● EXERCISE DESCRIPTION: Transcribe the listing exactly, skipping every picture.

● GIVEN DATA:
━━━━━━━━━━━━━━━━━━━━
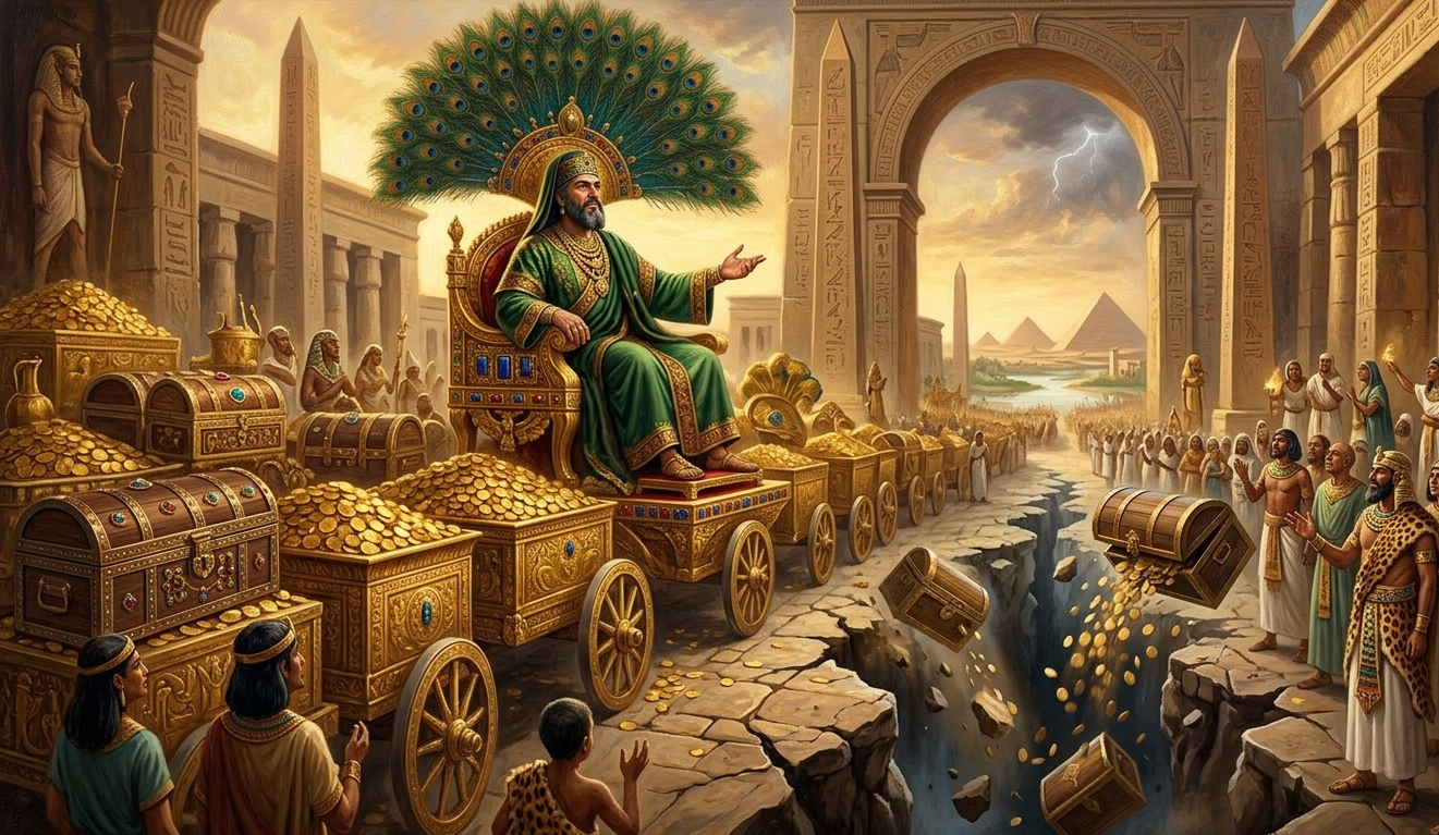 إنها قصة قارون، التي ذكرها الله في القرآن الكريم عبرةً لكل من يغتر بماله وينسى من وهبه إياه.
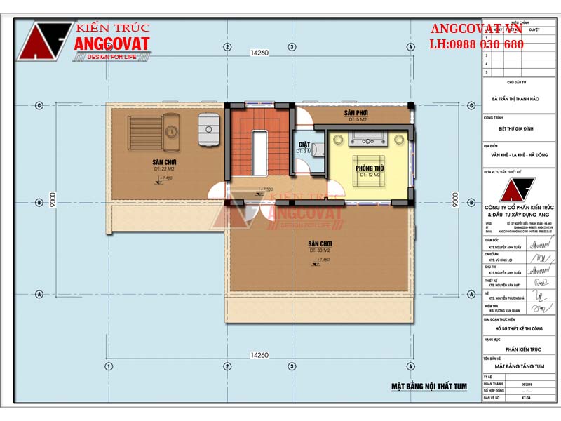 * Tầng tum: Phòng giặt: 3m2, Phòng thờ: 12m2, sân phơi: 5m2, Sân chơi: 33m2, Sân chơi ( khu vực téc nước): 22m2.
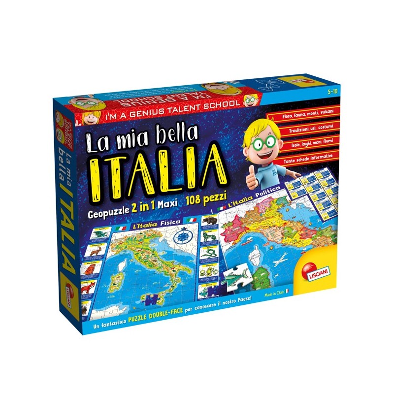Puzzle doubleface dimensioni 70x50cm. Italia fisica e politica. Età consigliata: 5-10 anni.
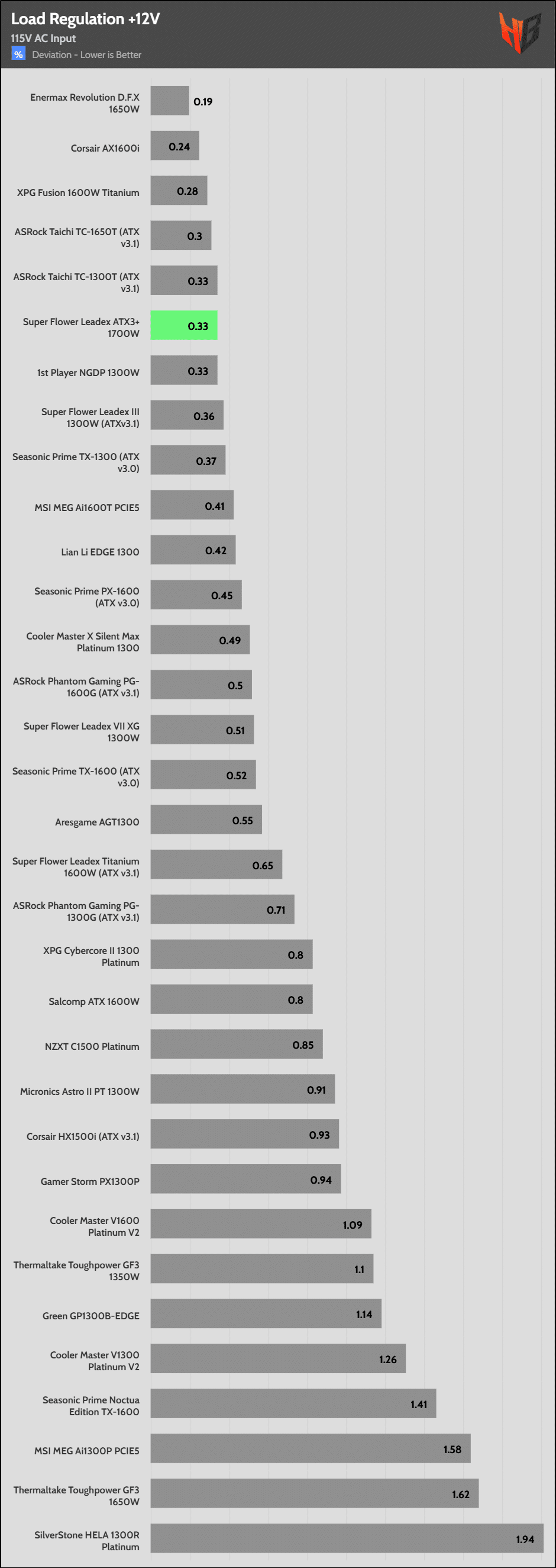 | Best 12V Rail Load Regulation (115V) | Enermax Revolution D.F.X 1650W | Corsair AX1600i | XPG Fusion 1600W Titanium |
━━━━━━━━━━━━━━━━━━━━
● RESPONSE TO THE TASK:
 إنها قصة قارون، التي ذكرها الله في القرآن الكريم عبرةً لكل من يغتر بماله وينسى من وهبه إياه.
 * Tầng tum: Phòng giặt: 3m2, Phòng thờ: 12m2, sân phơi: 5m2, Sân chơi: 33m2, Sân chơi ( khu vực téc nước): 22m2.
Puzzle doubleface dimensioni 70x50cm. Italia fisica e politica. Età consigliata: 5-10 anni.
 | Best 12V Rail Load Regulation (115V) | Enermax Revolution D.F.X 1650W | Corsair AX1600i | XPG Fusion 1600W Titanium |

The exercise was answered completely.